» **Provided data**:
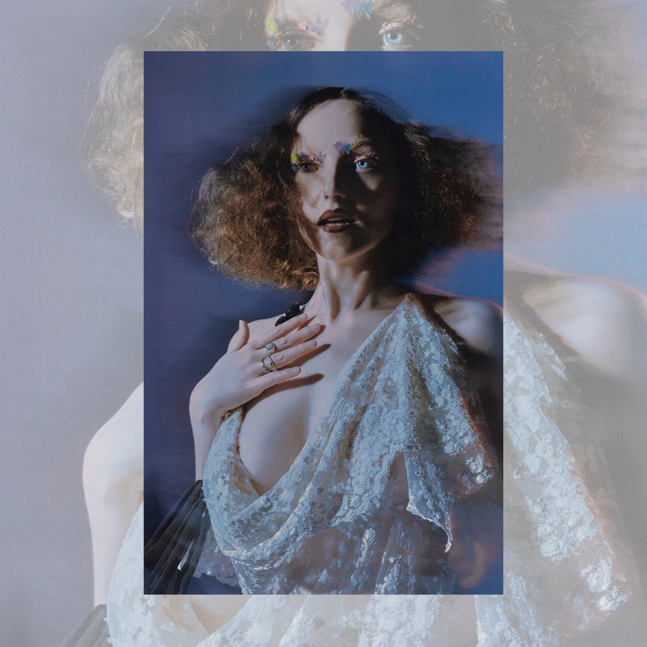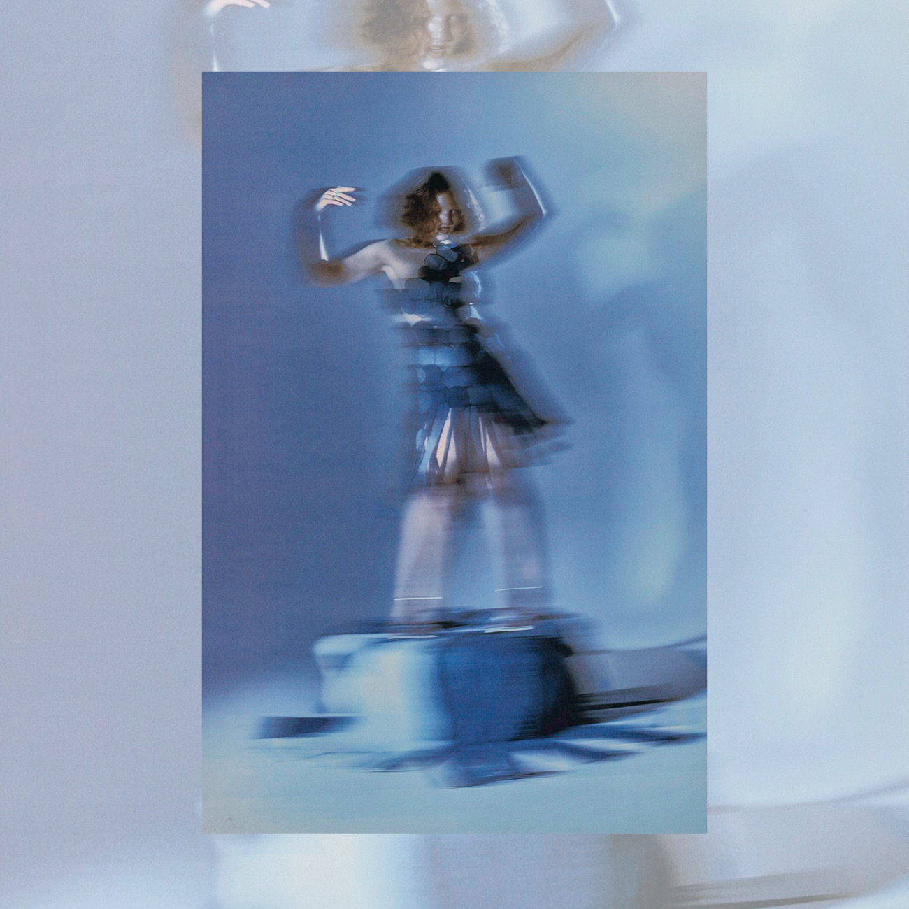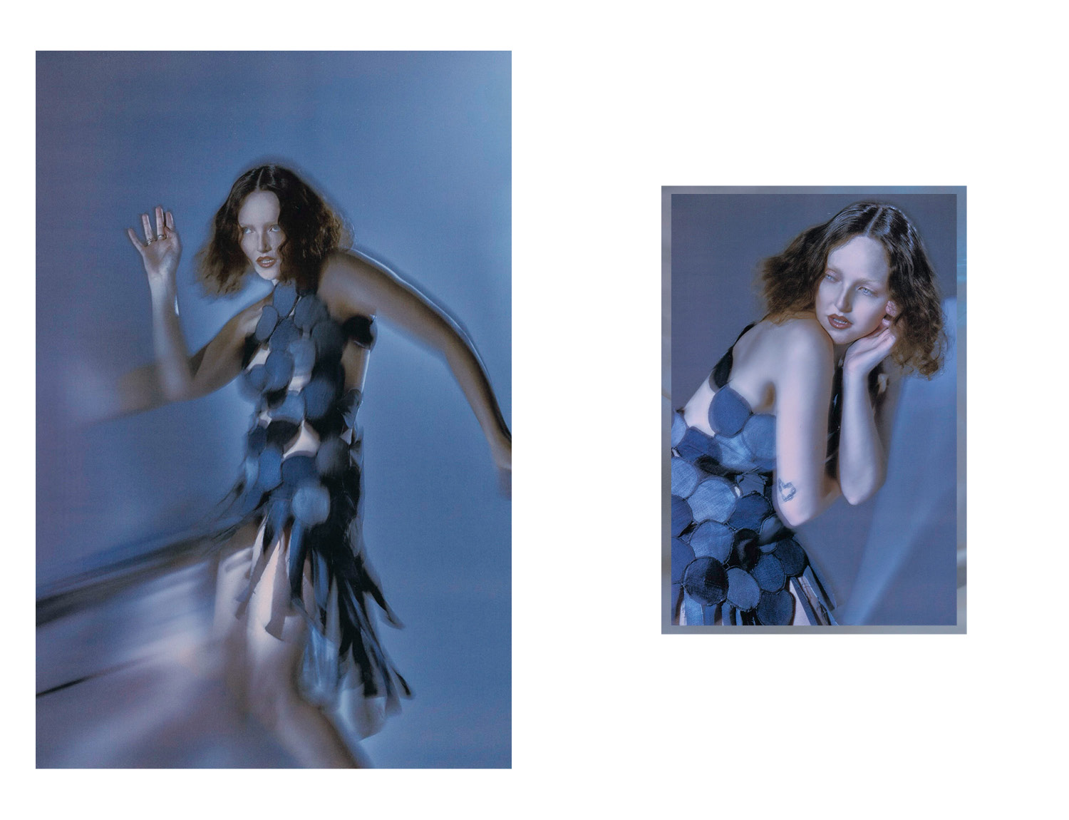 Soft blue haze moves across each frame, pulling into a world where motion blurs and shadows soften every contour. Dark, unfocused tones distort, creating images that linger like fading impressions. Photographed by James Morris.
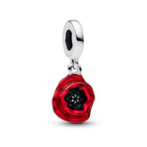 Pandora Moments Red Flower Dangle Charm, Silver, 793917C01
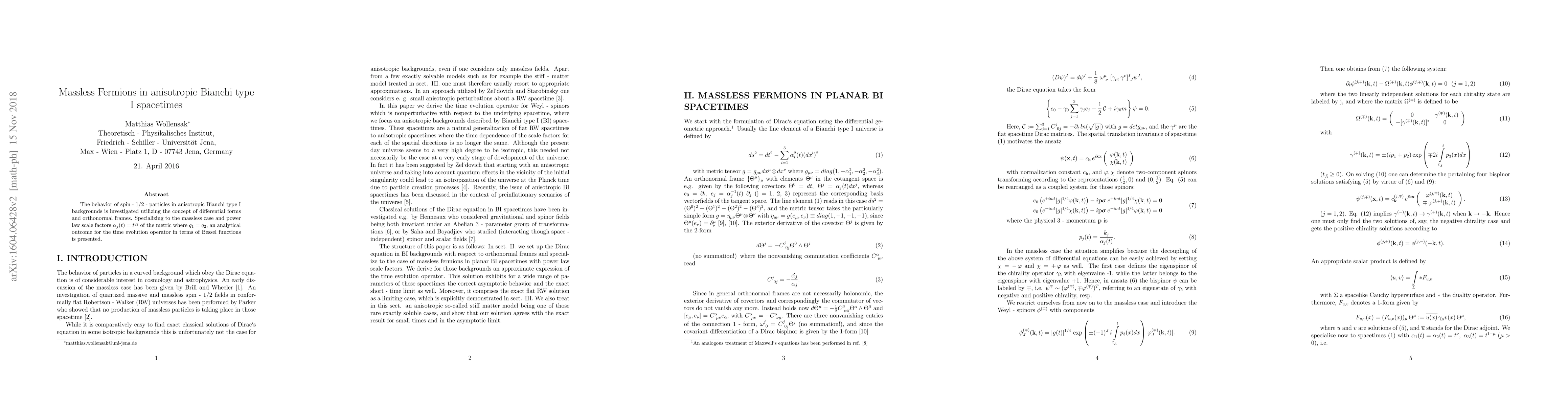 The behavior of spin - 1/2 - particles in anisotropic Bianchi type I backgrounds is investigated utilizing the concept of differential forms and orthonormal frames. Specializing to the massless case and power law scale factors $\alpha_j(t) = t^{q_j}$ of the metric where $q_1 = q_2 $, an analytical outcome for the time evolution operator in terms of Bessel functions is presented.
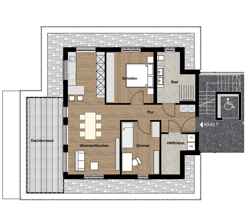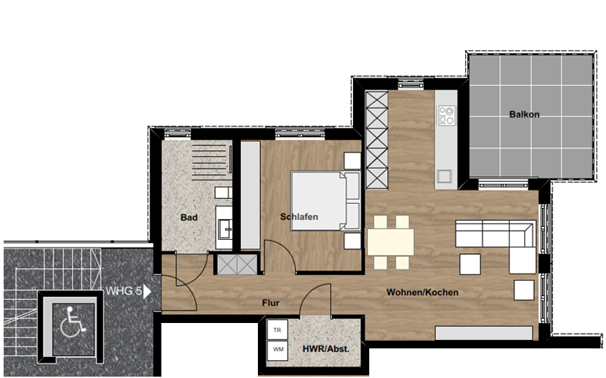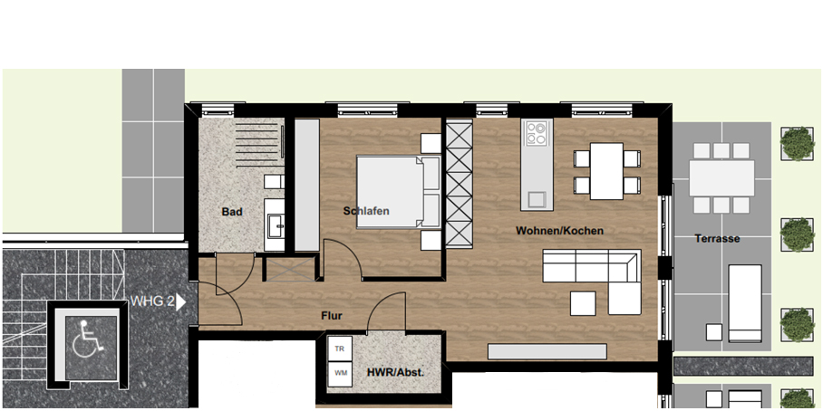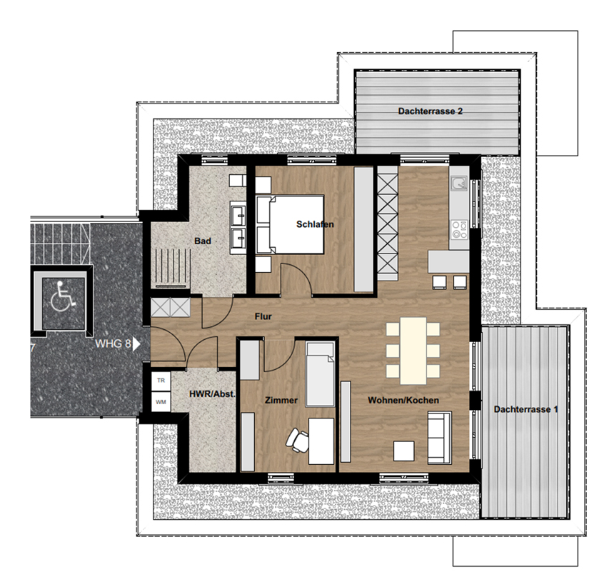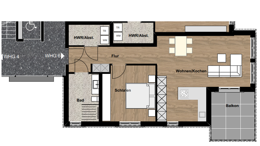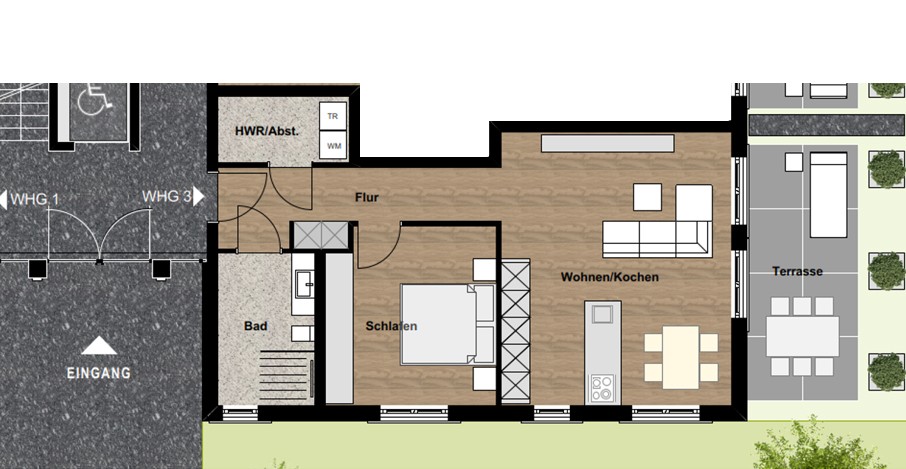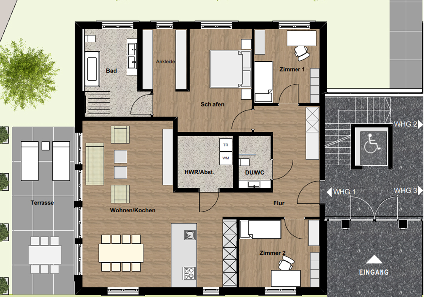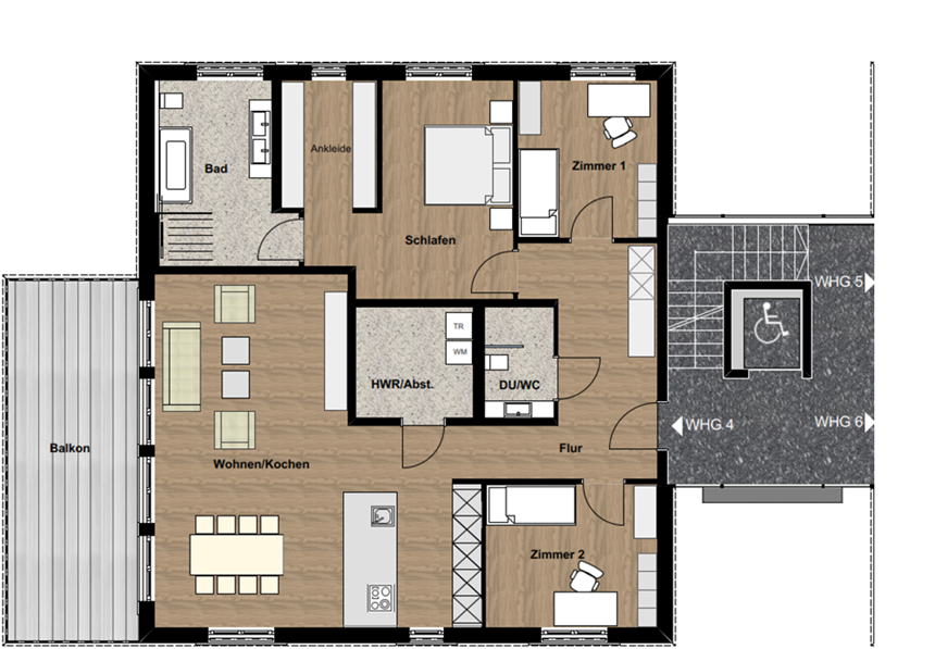 In den vier repräsentativen Häusern finden Sie vielfältige Wohnmöglichkeiten, die jeden Geschmack ansprechen. Erdgeschoss-Wohnungen bieten Terrassen, Obergeschoss-Wohnungen haben Balkone, und die Penthouse-Wohnungen beeindrucken mit Dachterrassen.

» **Aim of the task**: Transcribe only the lines from the one holding "The behavior of" through the last line of the listing above, inclusive, and do not include the pictures.

» **Result**:
 The behavior of spin - 1/2 - particles in anisotropic Bianchi type I backgrounds is investigated utilizing the concept of differential forms and orthonormal frames. Specializing to the massless case and power law scale factors $\alpha_j(t) = t^{q_j}$ of the metric where $q_1 = q_2 $, an analytical outcome for the time evolution operator in terms of Bessel functions is presented.
 In den vier repräsentativen Häusern finden Sie vielfältige Wohnmöglichkeiten, die jeden Geschmack ansprechen. Erdgeschoss-Wohnungen bieten Terrassen, Obergeschoss-Wohnungen haben Balkone, und die Penthouse-Wohnungen beeindrucken mit Dachterrassen.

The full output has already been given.